Нет, вряд ли молодого автора всерьез интересует, что там станется с неуловимым русским хоррором. Елизаров на роль мессии жанра не претендует – он решает собственные задачи, с классическим образом фантаста несовместные. Но в мире «Кубиков», выписанном серо-коричневыми красками убогости и тления, ужас становится фундаментом бытия, посрамляя и материю, и дух. Тон сборнику задает одноименный рассказ, где малолетнему герою открывается главный закон мироздания: Вселенной правит смерть – не та равнодушная сила, которой так боялись экзистенциалисты, не верная служанка Бога, а ненасытная Падаль, которая разъедает самую суть вещей. Человеческие души поддаются ей в первую очередь. В самом деле, грязные спортивные костюмы, ржавые ножи и пустые холодильники кажутся у Елизарова гораздо живее и реальней их жутких хозяев. Даже Джордж Ромеро с его апокалиптическим мышлением ужаснулся бы тем легионам зомби, что населяют безобразные кубики российских многоэтажек. Они изъясняются столь же мертвым, как и они сами, языком милицейского протокола («…ко мне подошел ранее незнакомый мне Чигирин и в грубой форме потребовал половой близости»), духовные пустоты заполняют водкой, вместо икон почитают чресла порноактеров. «Выпей», «изнасилуй» и «убий» – главные заповеди их небытия. И живут они «без глаз, с одним зрением», каждым поступком своим и словом подпитывая Падаль.

Из общего ряда выбиваются лишь два рассказа – «Ясные, светлые» и «Украденные глаза». И если первый представляет собой сюрреалистический коллаж с привкусом кафкианства, то второй сводится к незатейливой страшилке про семейство колдунов, которая на фоне бытовых кошмаров может показаться смешной (как и чудовища из рассказа «Дзон»). Но если вдуматься, у Елизарова вообще на всякое «реально» напрашивается приставка «псевдо-». Да, групповые изнасилования, педофилия, пьяные драки – это, увы, не писательский вымысел. Однако в «Кубиках» достижения российской антицивилизации сбились так плотно, что разглядеть в этом клубке червей хотя бы крупицу правдоподобия очень сложно. «Вся жизнь – мочилово. Мы погружены в него», – говорит автор в одном из интервью. Но ведь это, по сути, то же бегство от действительности – только перебрался Елизаров не в светлый край эльфов и единорогов, а в собственными руками построенный ад.

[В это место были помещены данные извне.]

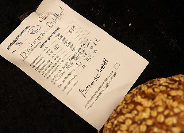 „Die Kriterien für die Prüfung sind so aufgebaut, dass sie dem Kunden im Laden entsprechen“, sagt Wegner. „Ich beginne mit der äußeren Betrachtung des Brotes. Oberflächen und Krusteneigenschaften werden genau unter die Lupe genommen. Wenn ein Brot grobe Mängel aufweist, fällt es aus der Wertung heraus. In diesem Fall erhält der Bäcker keine Urkunde.“ Die Bewertungsskala reicht von „gut“ bis „sehr gut“. „Gut“ bedeutet kleine Mängel, während „sehr gut“ fehlerfrei ist. Die Ergebnisse werden im Internet unter www.innungsbaecker.de veröffentlicht.

И построенный, надо сказать, со знанием дела. Легко ли образованному человеку воспроизвести на бумаге речь отморозка, от похоти и алкоголя потерявшего остатки разума? Елизарову это удается блестяще – настолько, что читатель рискует в шкуре этого самого отморозка накрепко завязнуть. Воображением автор тоже не обделен: безумный обряд по изгнанию Импотенции, воплотившейся в земной женщине («Доброгаевой Ларисе, восьмидесятого года рождения»), заставил бы Клайва Баркера плакать кровавыми слезами зависти.

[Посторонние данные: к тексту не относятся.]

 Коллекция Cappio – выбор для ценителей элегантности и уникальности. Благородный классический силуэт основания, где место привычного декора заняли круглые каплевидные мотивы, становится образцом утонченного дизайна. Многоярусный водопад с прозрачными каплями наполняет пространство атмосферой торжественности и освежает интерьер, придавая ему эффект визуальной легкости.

И все же: стоила ли овчинка выделки? Прожорливые глаза бездны, о которых писал когда-то Ницше, превратились у Елизарова в «эти глаза напротив». «Кубики» звучат – быть может, вопреки воле автора – тоскливым гимном разложению и скотству, своего рода каталогом язв многоэтажной России. И главный посыл сборника прост: «Всякий человек – мразь». Право же, исчерпывающим это определение не назовешь.

Впервые рецензия была опубликована в журнале "FANтастика".